This Week In (Planning) My Classes: High Impact Practices

I’ve been roughing out schedules for my 2016-17 courses — even the winter term ones, because before I can order books for them I need some idea of how the readings will fit in. As I consider how best to allocate class time, especially for my first-year class, I’ve also been thinking about a very interesting conversation I had recently with a former student who now works in a Dalhousie office concerned, among other things, with understanding student retention.

My own anecdotal experience, which seems to be supported by data, is that a crucial factor in student engagement (which is key, in turn, to retention) is developing relationships — with other students, but also, crucially, with faculty. These can be hard to establish, especially in larger classes, which is why I try so hard to encourage students to come and see me one-on-one. I have often felt that the biggest difference I make is to students who actually take me up on my offer (as this student had). Not only can a one-on-one conference really help with the student’s understanding of course material or assignments, but it also — not always, but often — creates a stronger sense of commitment and community, a sense that we are both in this together. Some of that is just because it’s a chance for us to get to know each other a bit. Every time a student comes to my office, I open by asking them a bit about themselves, because this helps me understand where they are and what they need most for my course, sure, but also because I’m genuinely interested — I like getting a sense of who they are as people, not just as students. (I don’t mean I don’t always think of students as people, of course! Just that there are ways in which strictly teacher-student interactions, often of necessity, can be limited to practicalities.)

From our conversation, it was clear that our office meetings had been important to this former student, which was really good to know. (It was also very nice to hear ways in which our course materials had stayed with him in meaningful ways, including the pier glass passage from Middlemarch, which he said often occurred to him when he was thinking about how best to resolve a problem or answer a question.) In his work on retention, he told me that they talk a lot about identifying “high impact practices”: things professors can do that make a difference. Personal conferences, we agreed, are one such practice.

I have always believed in the value of the one-on-one meeting, so much so that in some small classes, I have made them mandatory, usually as early in the term as possible so that they break the ice in the class itself as well as making it more likely that students will come back on their own when they need help. I particularly like doing this with first-year students, who are usually new on campus and somewhat overwhelmed by the size and complexity of it. I would like to do that this year! But I will have 90 students in Pulp Fiction: even if I gave each of them only 10 minutes (hardly enough for much getting-to-know-you talk), there’s no way I can set aside that many hours in a time frame that would make it meaningful — keeping in mind, too, that the students themselves have very full schedules so it’s not like I can just pick three days and sit with my door open expecting them to file in.

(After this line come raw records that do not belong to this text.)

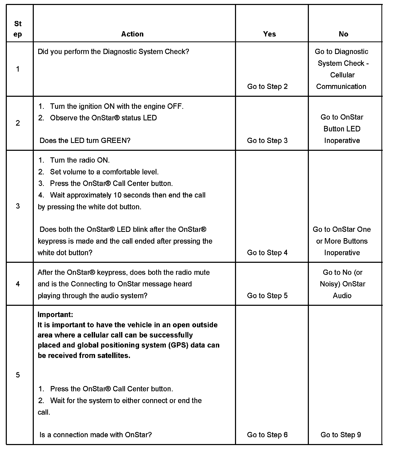 This symptom table will enable the user to verify the customer complaint and narrow it to its source. If there is a concern with voice recognition or OnStar(R) steering wheel control function, technicians should proceed directly to the applicable diagnostic in Symptoms - Cellular Communication.
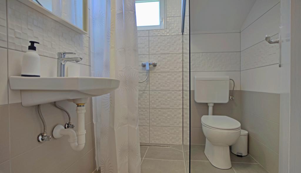 The apartments are a 3-minute walk from the sea, town center and shops and 5 minutes from the beach. Located in a quiet street near the town center. Parking is provided in the yard. Two apartments are on the ground floor of the building and each has an 8 m² terrace in front, and one is newly renovated on the second floor, in the attic of the building with a 6 m² balcony.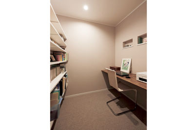 使用したいテーブルなどの家具や照明器具、カーペットなどはすでに決まっていたので、それに合わせて設備やインテリアのカラーをコーディネイトしました。キッチン扉柄は木目調。壁紙などは白。アクセントはグレーで。色数を多くせずに、シンプルに上品にまとめました。各空間に収納スペースを確保し、使用する場所で収納できるように。散らかりにくくなり、ストックも把握しやすく不要な買い物も防げます。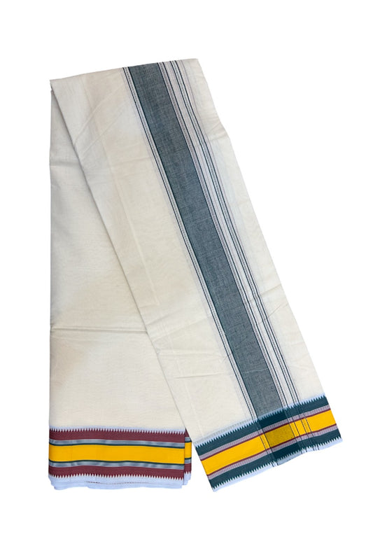 Panchakacham Dhoti - 20% DISCOUNT! KaithariKada 100% Cotton Off White - (Unbleached) - Pure Cotton -100x100 thread - NORTH INDIAN - ATTACHED GAMCHA 9X5 Dhoti Dark green kara with Yellow Green & Brown Striped border - 23KK5196PMC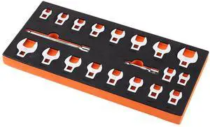 Crowfoot Wrench Set, 3/8" Drive 20-Piece Crows Foot Wrench Set with 2 Extension Bars and EVA Tool Organizer,40CR Material with Mirror Chrome Finish, SAE 3/8"-7/8" and Metric 10-22 mm,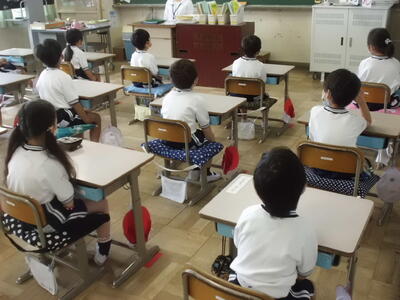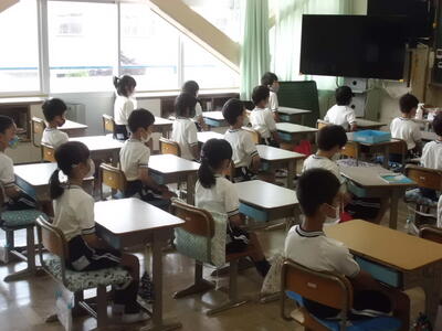 本日の朝は、お話朝会です。感染症対策のため、放送で朝会を行いました。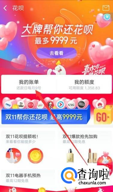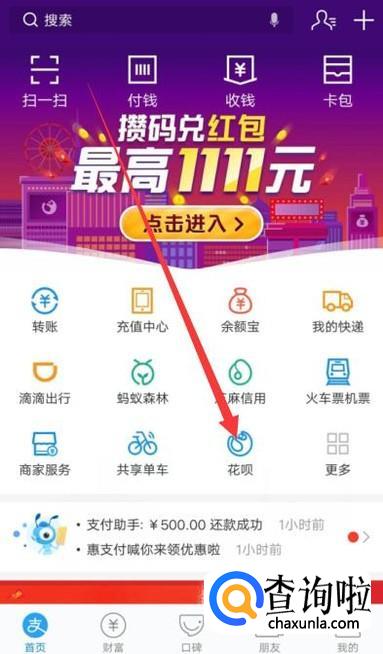 进入之后,点击“花呗”,进入下一页面,如图所示。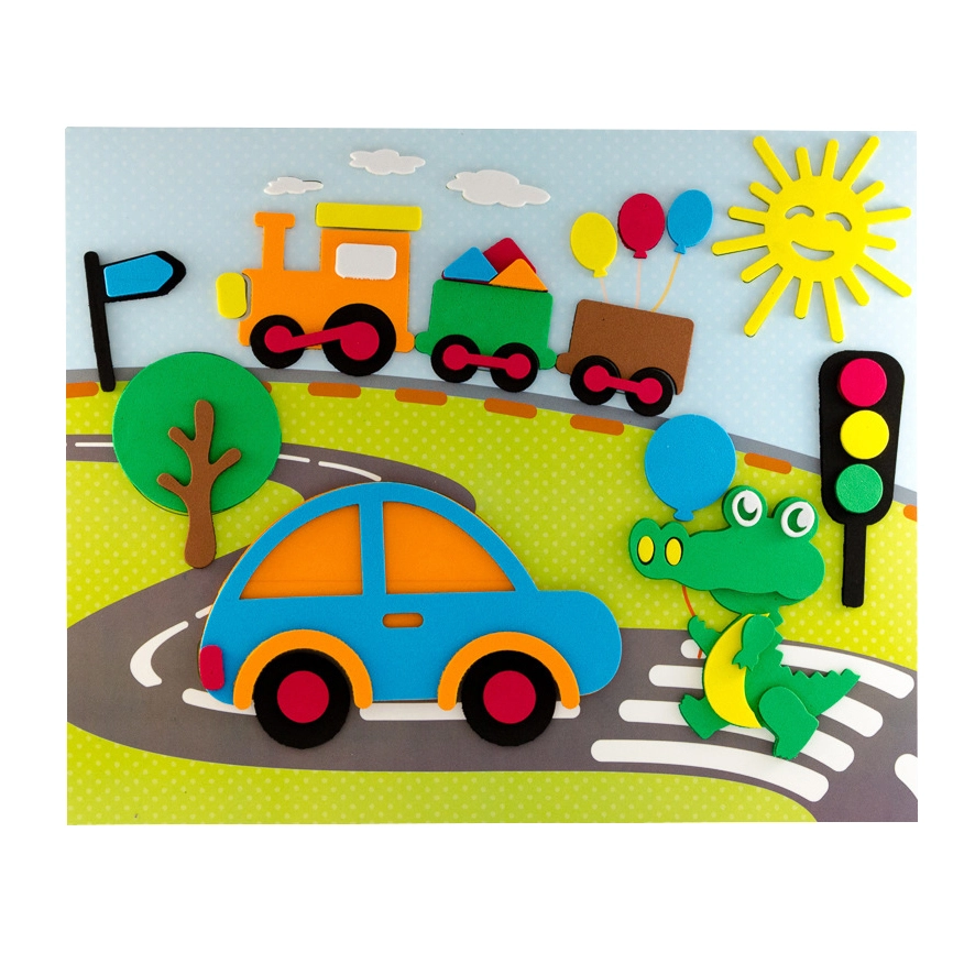 Кожна коробка містить: картонну основу аплікації; маленьку підказку-малюнок готової аплікації; м'які тематичні деталі для виконання аплікації.Вам не знадобляться ножиці та клей, не буде паперових клаптиків у пориві творчого безладу.Вся інструкція на коробці - зніми паперовий захисний шар з деталі та приклей у точне місце.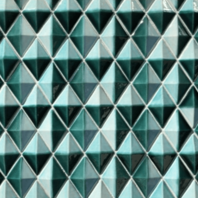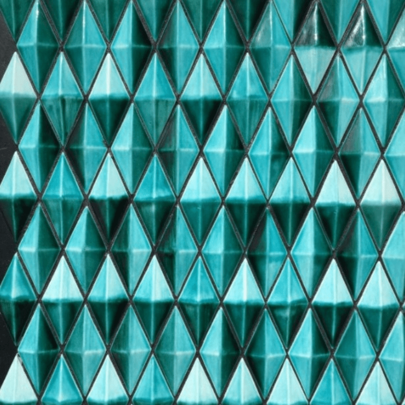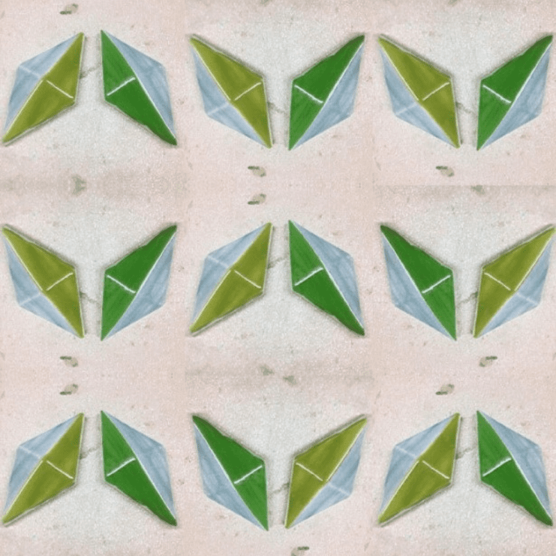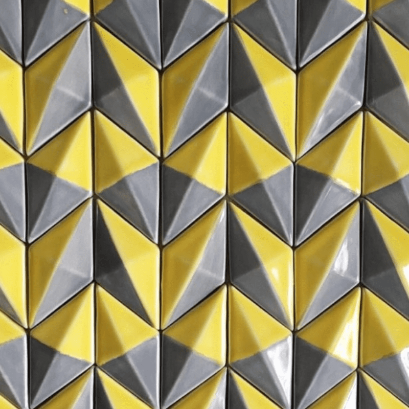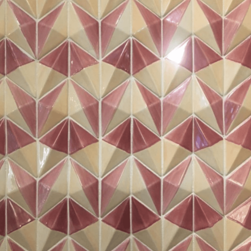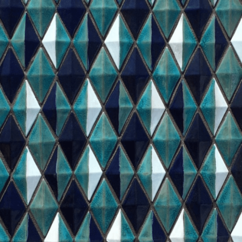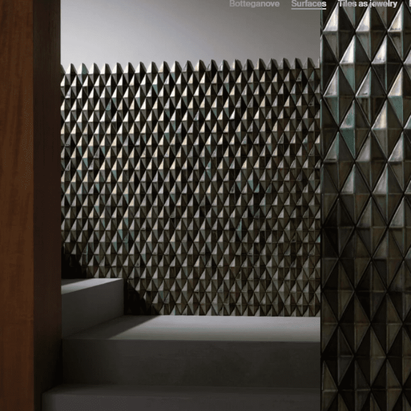 De basistegel van dit mozaïekpatroon is een beschaafd object vol citaten. Een verlengde diamant, driedimensionaal gemodelleerd, die ons onmiddellijk doet denken aan keramische tegels maar ook aan de afbeeldingen van Gio Ponti. Een mozaïek dat een mediterrane en Italiaanse taal spreekt, een Harlekijnse taal met zijn gepatchte Venetiaanse carnavalskostuum en de drie-dimensionaliteit van kinetische kunst.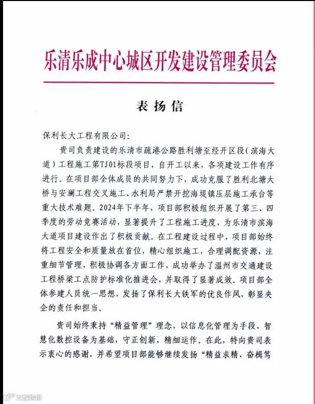 乐清项目团队积极践行“精益管理”理念,严格遵守各项施工规范和质量标准,精心组织施工、合理调配资源、严格质安管控,成功克服了胜利北塘大桥与安澜工程交叉施工、水利局严禁开挖海堤镇压层施工承台等重大技术难题,确保了工程建设安全、优质和高效。
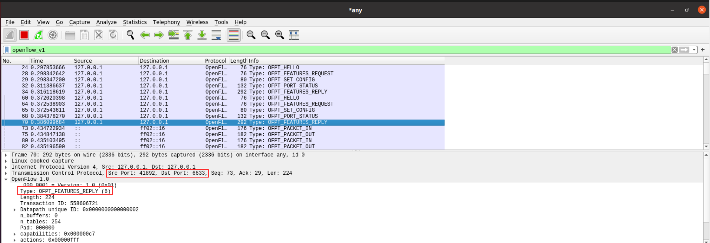 3.回答问题:交换机与控制器建立通信时是使用TCP协议还是UDP协议?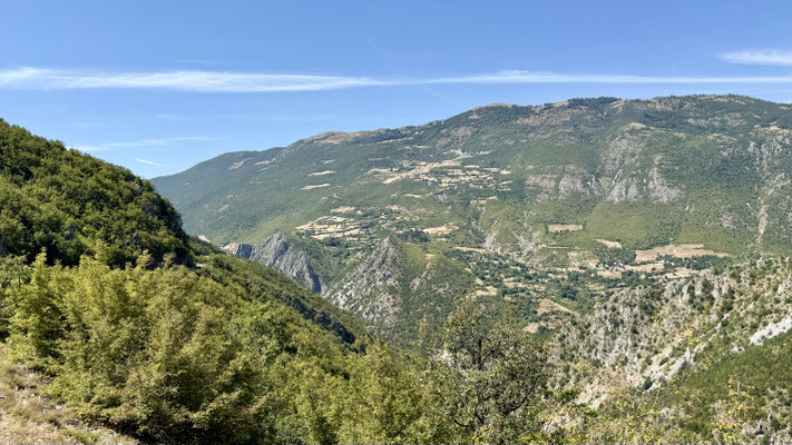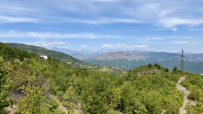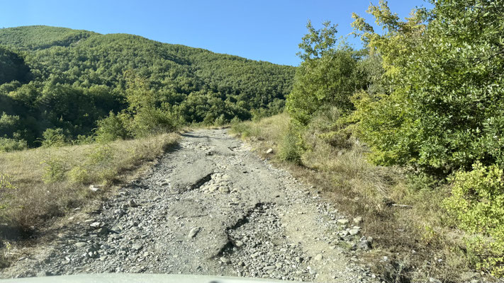 Als alles soweit wieder verstaut war, kamen zwei Schafhirten an. Mit Händen und Füßen und einer Straßenkarte auf dem IPad klappte die Verständigung. Sie meinten, der Weg nach "Sukë" wäre besser als der von uns geplante Weg nach "Ballaban". Ob das wirklich so war, wissen wir nun nicht. Jedenfalls ging es auf etwas besserer Piste abwärts, zwischendurch waren wir schon auf über 1.000 Höhenmetern. Eine falsche Abzweigung hatten sie uns genannt, erst mussten wir unter einem sehr tief hängenden Wasserschlauch durch, den wir mittels eines Besens anhoben. Dann kamen wir in eine Ansiedlung, das war aber Sackgasse. Wenden auf kleinstem Raum, nochmal unter dem Wasserschlauch hindurch, dann aber den richtigen Abzweig bis hinunter zum Dorf Sukë genommen. Nach 3 Stunden waren wir wieder auf einer "ordentlichen" Straße unterwegs.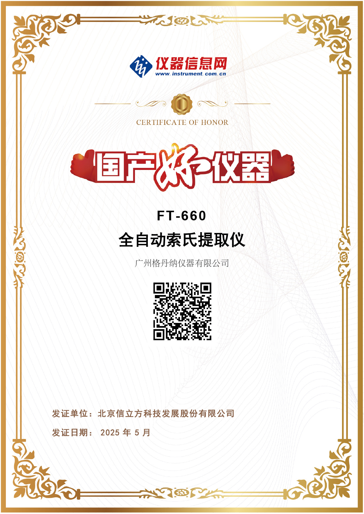 獲得《格丹納榮獲“國(guó)產(chǎn)好儀器”稱號(hào)-全自動(dòng)索氏提取儀》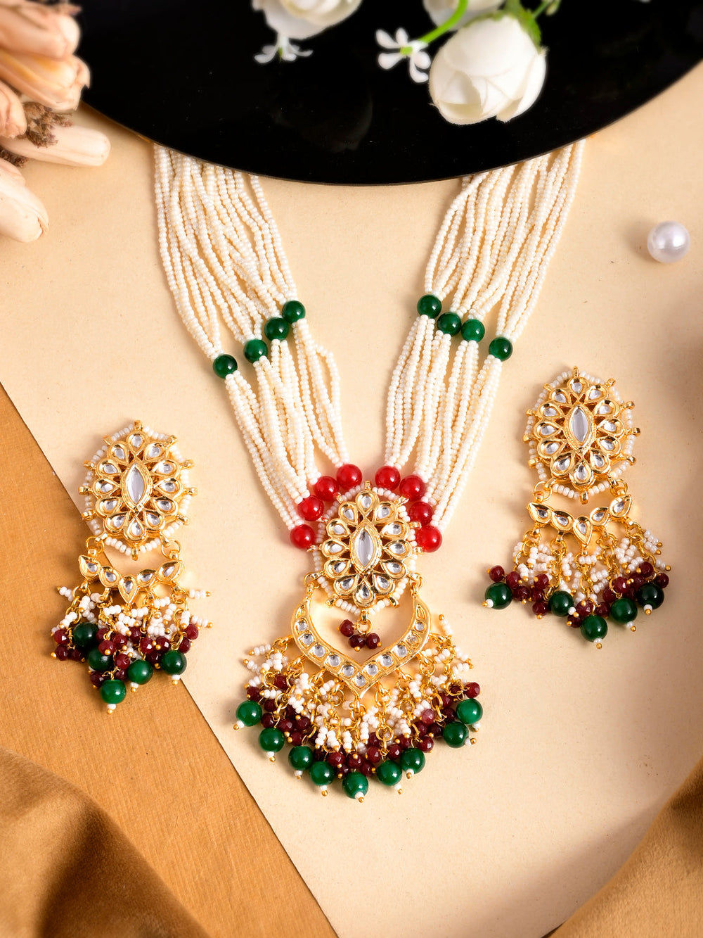 From statement necklaces and pendant sets to graceful earrings and malas, this collection celebrates artistry and craftsmanship at its finest. Perfect for weddings, festive occasions, and luxury gatherings, these designs are made to enhance your style with a touch of royalty.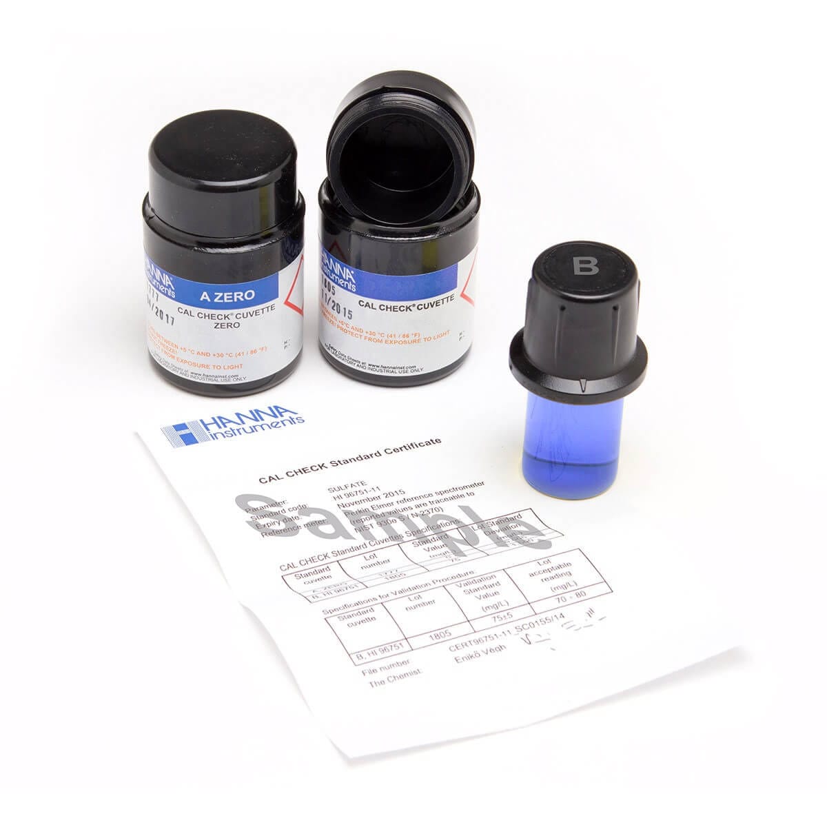 El HI96702-11 es un conjunto de estándares de calibración de alta calidad que permite a los usuarios validar y calibrar el fotómetro portátil para cobre intervalo alto con un intervalo de 0.00 a 5.00 mg/L (ppm). El HI96702-11 incluye una celda sellada “A” para poner en cero el medidor y una celda “B” que se usa para validar o calibrar. La lectura esperada del estándar “B” es de 2.00 ± 0.07 mg/L de cobre a 25 °C. Este conjunto de estándares de calibración se produce en nuestras instalaciones de última tecnología utilizando productos químicos grado reactivo en un ambiente de temperatura controlada.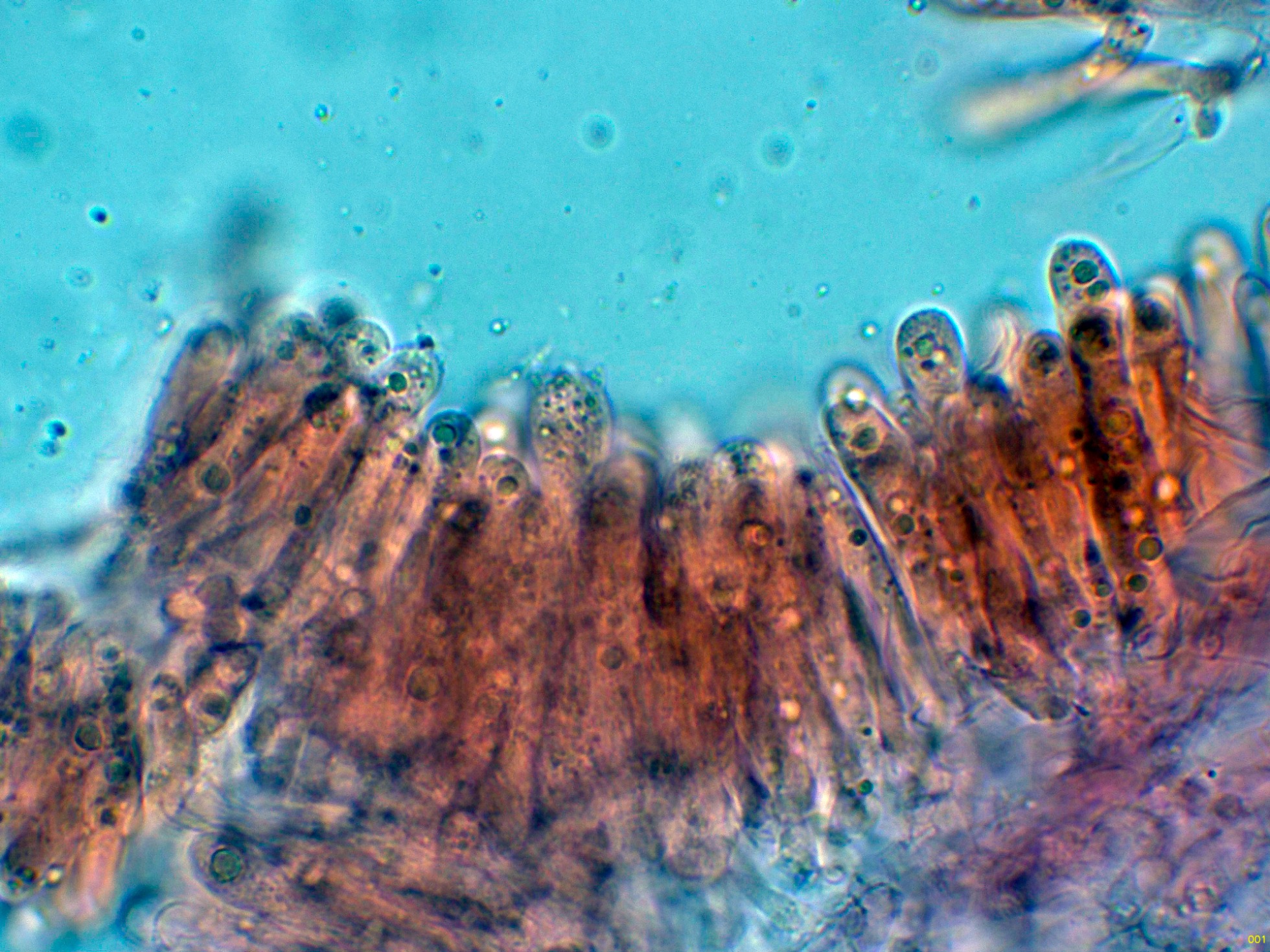 Basidios de la cara laminar con unas medidas de (33.1) 33.7 - 42.8 (47.4) × (6.7) 7 - 9.3 (9.6) µm.

I wonder what I could do instead. I will have scheduled office hours, of course, and as always will be available then and by appointment and (as I always advertise) any time my door is open — which, traditionally, has been almost all the time I’m on campus but not in actually class or meetings. Students only rarely take advantage of the opportunity to see me personally, though, and just waiting and hoping to see them isn’t the point. I could split the meetings up with the two teaching assistants I will have for the course — but their available hours are carefully (and rightly) limited by their contracts, and they also (wrongly) don’t usually have dedicated office space of their own, so committing them to several hours of meetings doesn’t seem fair. I could require email introductions from everyone and undertake to reply — but would that have the desired effect? It might also take nearly as long as meeting in person, with only the slight advantage that I could do my replies at any time. (Evenings and weekends, anyone?)

Ideas for “high impact practices” that would work for 90 students (and be feasible for me)? The goal would be to give them a genuine sense of connection to me as well as to the course.

The painting is Richard Redgrave’s “The Poor Teacher,” which is actually a very accurate depiction of me waiting forlornly for a student to come to my office hours.